Just when you thought your horror couldn't get any more flaming, comes this extra grim pot-boiler from the May 1952 issue of Witches Tales #10. Strangulation, stabbing, poker to the skull, and of course bodies flambe'd to a crisp-- they certainly don't come more mean-spirited than this! (Art by Joe Certa)
8 comments:
As the previous story was heart felt and had sympathetic characters, this one has every main player a selfish, evil, and wholly unlikeable!
It's always a fun horror story to watch this kind of rolling evil where each person does each other in until the inevitable vengeance from beyond, though the art made him look more like a orange gorilla with a human head then somebody on fire!
Of course, there's one plot goof -- didn't our scientist survive the first with -1 from competition shots, and wasn't the dwarf at that same number? Shouldn't he have survived the flames, too? And did the scientist survive the house collapsing? Needs a part 2!

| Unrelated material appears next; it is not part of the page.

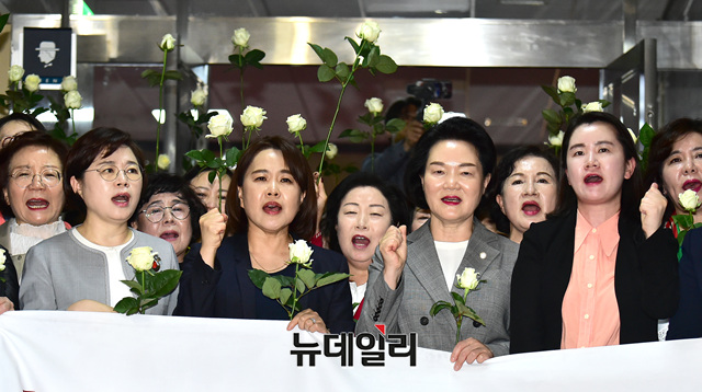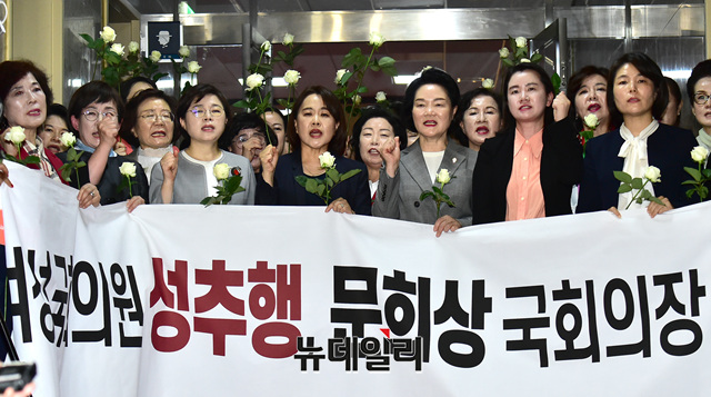 자유한국당 소속 여성의원, 여성당직자, 여성보좌진들이 24일 오전 국회 의장실을 찾아 백장미를 들고, 문희상 국회의장의 임이자 의원 성추행과 관련해 규탄 구호를 하고 있다.

Hmm... The story itself is quite a mess, but the "Tonio" character and the clever use of the furnace made me think about one of my favourite movies from the 70's, "The Boss" directed by Fernando di Leo starring the ever-lovable Henry Silva...
For me the real value of this story is the inventive use of flames and fire in the drawing and colour. Difficult to do with the reproduction methods of the day -- and pulled off pretty well here! Though I admit I don't know why he was suddenly drawn with that giant gorilla body, like Brian says!
Somehow this one more than others immediately makes me think of it as a BW reprint in an Eerie Publishing magazine. Did it ever become one?
Click the GCD issue link in my intro Grant, all the reprint info is right there
I wonder why Barclay was so hell-bent on exacting revenge on his manservant? I take the story to mean that some uncompleted state of deathlessness allows him to exist in the fulcrum between life and cremation--no problem, I'm imaginative enough to handle that--but does this account for his apparently omniscient understanding of his (dwarf?) butler's murderous intent towards him earlier? That's the kind of spooky insight that usually comes after death in stories like this. But without this kind of spectral access to Tonio's inner musings--from back when Barclay was still alive, no less--the servant's subsequent actions seem like any devoted employee's brutally exacted and loyal vengeance. Were I his master, Id have been quite pleased with his good deed.
Thank you for letting me know that. Coincidentally, I just sent for one of those magazine CD-R's of WITCHES TALES, so it should be in that one.